Retour à la page d'accueil
Retour

Avant la nuit et Reinaldo Arenas

Table des matières

 
     Culture
 Cinéma et littérature 

 
On ne dira jamais assez tout ce que le cinéma a fait pour la connaissance de Cuba. Il a fallu Fresa y chocolate pour que le public européen et américain découvre ce que pouvait être la vie quotidienne d'un intellectuel à Cuba. Il a fallu Wim Wenders pour que l'on s'aperçoive que la musique cubaine ne servait pas qu'à faire danser dans les discothèques. Il y a eu aussi le très intéressant Cuba feliz, malheureusement passé presque inaperçu. Et maintenant, grâce à Julian Schnabel, le grand public va découvrir un grand écrivain cubain. Comme dans le cas de Fresa y chocolate, c'est à travers sa mise en images qu'est révélée une oeuvre littéraire jusqu'ici connue seulement par un cercle de spécialistes. Même si une adaptation cinématographique est presque toujours réductrice, on se réjouira de cet élan nouveau donné à un texte et à son auteur par un support qui a la faculté de toucher un public aussi nombreux et varié que celui du cinéma.

 
 
L'homme :

 

Le paria de Cuba
Persécuté par le régime castriste pour homosexualité, le rebelle de La Havane a dû s'exiler. Mort en 1990, il a laissé une prose lumineuse, antidote à la dictature.

Son ultime texte se termine sur ces mots : « J'exhorte le peuple cubain de l'exil comme de l'île à continuer à lutter pour la liberté. Mon message n'est pas un message de défaite, mais de lutte et d'espérance. Cuba sera libre. Moi, je le suis déjà. » Cuba, la liberté et les mots pour le dire. C'est toute la douloureuse, la lumineuse histoire de Reinaldo Arenas, qui s'est suicidé, malade du sida, en décembre 1990.

Comme le montre Julian Schnabel dans Avant la nuit (1), ce fils de paysans modestes s'est très tôt passionné pour la terre, qu'il aimait au point de la manger, et pour les garçons, qui l'attirent irrésistiblement. Plus tard, lorsque la famille devra vendre la ferme pour s'installer dans la petite ville de Holguín, il aura l'impression, en perdant le contact physique avec la nature, d'être amputé d'une part de lui-même. Il découvre d'autres bonheurs, dont le cinéma, qui est, pense-t-il, à l'origine de son désir d'inventer des histoires. D'écrire.

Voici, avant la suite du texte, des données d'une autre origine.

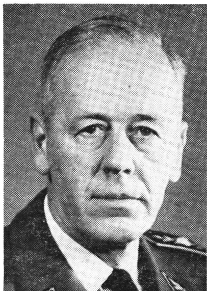
Oberstbrigadier Charles Folletête †

Ei drova denton aunc gronds sforzs e dabia orientaziun per che nies Cantun seigi en cass da basegns preparaus e stgis avunda da proteger nossa populaziun civila sufficientamein.
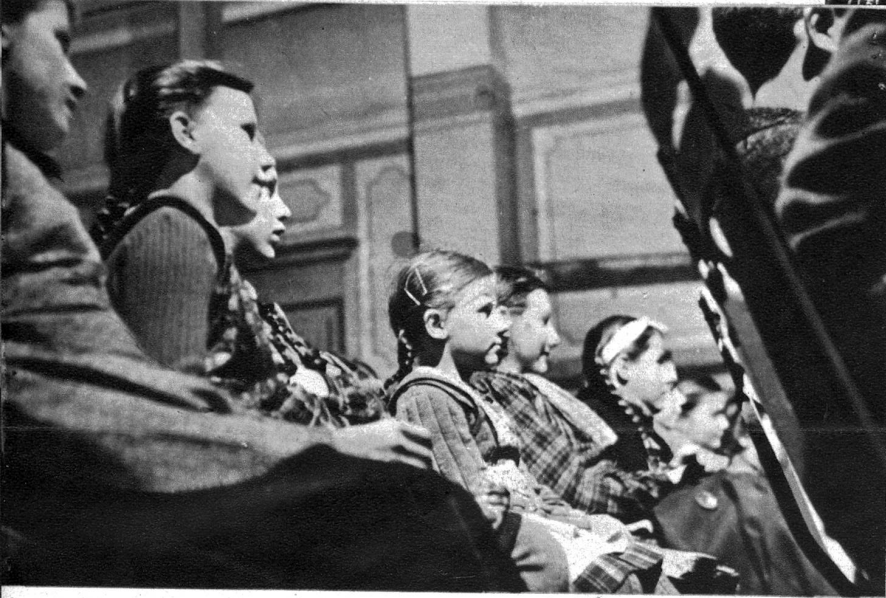
Kinder sind dankbare Zuschauer
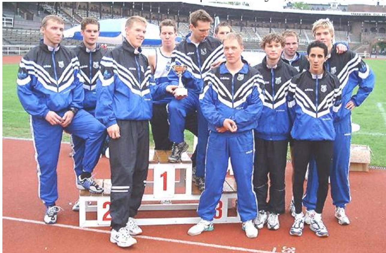
Segerlaget vid Dagbladsstafetten 2000
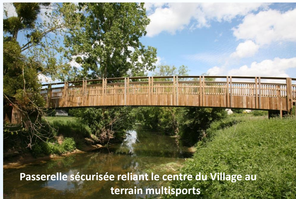
Passerelle sécurisée reliant le centre du Village au terrain multisports
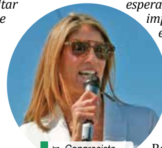
→ Congresista Lori Trahan.

de estudiantes locales que ayudaron a resaltar la importancia de estas mejoras de infraestructura necesarias desde hace muchos años”, dijo el alcalde DePeña, agradeciendo a la congresista Trahan por su colaboración y apoyo, así como a los Representantes Estatales Frank Moran y Estela Reyes.
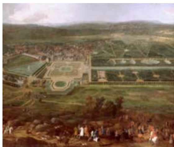
Vue du château et des jardins de Fontainebleau après les travaux de 1713 Pierre-Denis Martin
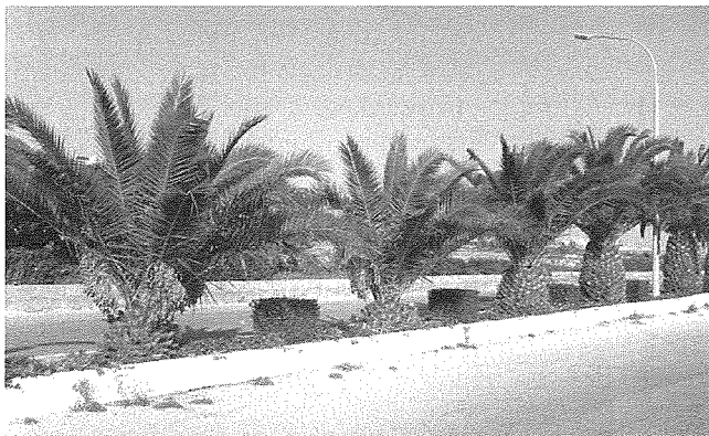
Ringiela sigar tal-Palma tal-Kanari fit-triq tax-Xaghra

Għalkemm is-sigar tal-palm ilhom li ġew introdotti f'Ghawdex, f'dawn l-ahħar snin thawlu numru mhux hażin ta' diversi speċi minnhom li ġew importati minn hafna pajjiżi. Is-sigra tal-palm li tagħmel it-tamal li jittiekkel, mhix daqstant komuni fil-gzejjer Maltin għalkemm hija
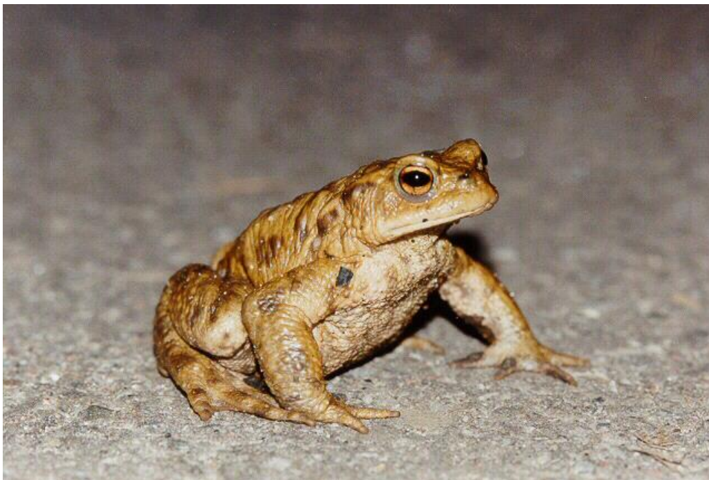
Slika 7. Sme a krasta a

Krasta e posjeduju zdepasto tijelo i tvrdu bradavi astu koflu. Nemaju zuba, a ni pliva e koflice. Ve inom borave na kopnu, slabo ska u pa su im prednje i straflnje noge gotovo jednake duljine. Najpoznatija krasta a je sme a krasta a (slika 7.) i ona je jedno od najrasprostranjenijih vodozemaca Europe, a nalazi se i u Aziji i na sjeverozapadu Afrike. fivot uglavnom provodi na kopnu, a nastanjuje listopadne –ume i –umarke, otvorena stani-ta (npr. livade) pa ak i urbana podru ja. Velika je 8-20 cm i njave a je flaba Hrvatske, tako er ima bradavice ili bodlje na kofli i velike bakrene ili zlatne o i. fienke su obi no puno ve e od mufljaka, posebice tijekom sezone parenja tj. prolje a jer im tada tijelo sadrfli jaja. Za vrijeme razmnoflavanja mufljacima se razvijaju pal ani fluljevi kojima se slufle kako bi vr– e prihvatili flenku. Okupljaju se u barama, a flenke omotavaju vrpce s jajima oko podvodnog bilja. Hrani se kukcima, pufljevima i ostalim manjim flivotinjama. Uglavnom je no na flivotinja, dok se po danu skriva ispod su-enog drve a i u drugim vlaflnim mjestima. Iza o iju joj se nalaze parotidne flijeзде koje izli uju nadrafluju e tvari pomo u kojih odbijaju grabefljljivce, a kad uo i opasnost guta zrak, napuhuje se i propinje na prste da izgleda ve e. Unato svemu rijetko grize i nije prijetnja za ovjeka.
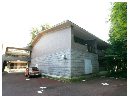
旧軽井沢ヴェルミール外観
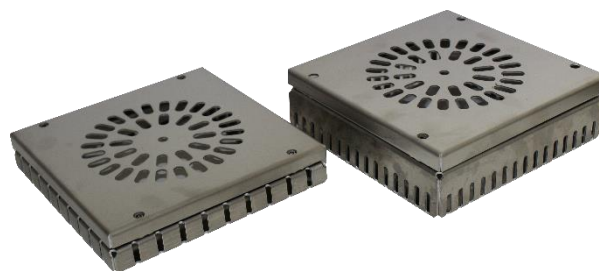
Abbildung 1: Draingully GU-AV 35-55mm und 60-90mm

Die Alu-Ausführung wird in 2,0 mm Materialstärke produziert.
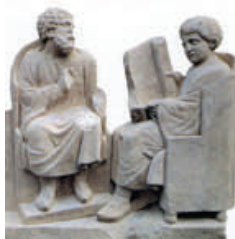
Maître et élève, (détail d'un bas-relief romain, musée de Trèves)

formation en ligne, des formateurs, des enseignants, des tuteurs, qui interviennent en FOAD ? Existe-t-il une différence significative entre évaluation présentielle et distancielle ?
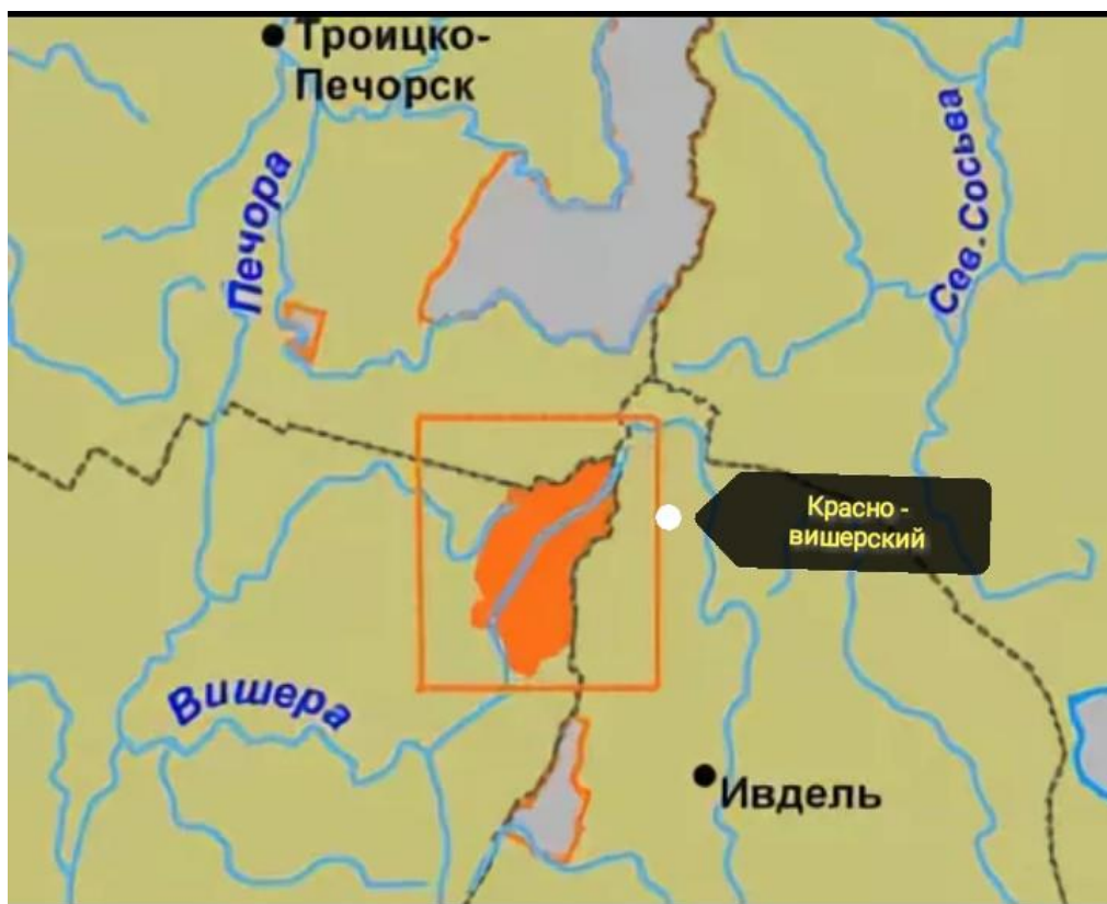
Приложение 2. Карта заповедника Басеги [2].

Cuba, à l'époque, est sous la coupe de Batista et sous influence américaine. L'espoir, c'est la guérilla castriste. Reinaldo a 15 ans quand il la rejoint. Par goût de l'aventure, attiré par la communauté virile des guérilleros, et parce qu'il veut croire à des jours meilleurs... Mais il sait déjà que sa vie est ailleurs. Lui qui a appris à lire et à écrire avec sa mère, sans jamais avoir fréquenté l'école, se retrouve à étudier comme boursier à La Havane. Reinaldo a choisi : il sera écrivain. Son premier roman, Le Puits, est primé en 1965. Arenas a déjà imaginé son grand oeuvre : une « pentagonie », dont il commence illico le premier volume.

Il connaît, brièvement, les honneurs : son deuxième roman, Le Monde hallucinant (2), est également primé, par un jury où siègent Lezama Lima et Virgilio Piñera, deux des plus grands écrivains cubains. Puis c'est l'horreur. Le régime castriste n'accepte pas son indépendance d'esprit et pas davantage son homosexualité affichée et militante. Interdit de publication, il envoie ses manuscrits en cachette à l'étranger. Etroitement surveillé, Arenas tente de quitter l'île mais rate son « évasion ». Quelques années plus tard, en 1974, il est emprisonné pour « délit de droit commun ». Il purge une peine de deux ans et, à sa « sortie », est envoyé dans un camp de rééducation. Son seul oxygène, c'est l'écriture. On saisit ses manuscrits, qu'il réécrit inlassablement...

1980. Castro ouvre la porte aux « indésirables » de tout poil. Arenas part pour les Etats-Unis, s'installe à New York. Ses livres sont publiés partout, dans toutes les langues. Il enseigne à l'université, fonde une revue, se croit sauvé. Le sida le rattrape.

Le lire, c'est découvrir la beauté d'une écriture qui dit la vie au plus près, d'une prose qui flirte avec la poésie, d'un univers sombre d'où pourtant jaillit toujours une lumière. Arenas est de ces écrivains qui, enracinés dans une terre, une histoire, savent transcender le réel, lui donner une dimension non pas fantastique mais tellurique. Son univers est celui de la passion, de la violence. Il a voulu que son oeuvre se déploie dans le plein du jour. Avant la nuit.

Michèle Gazier

(1) Titre de l'autobiographie de l'écrivain, traduite par Liliane Hasson, éd. Actes Sud-Babel, 439 p., 57 F.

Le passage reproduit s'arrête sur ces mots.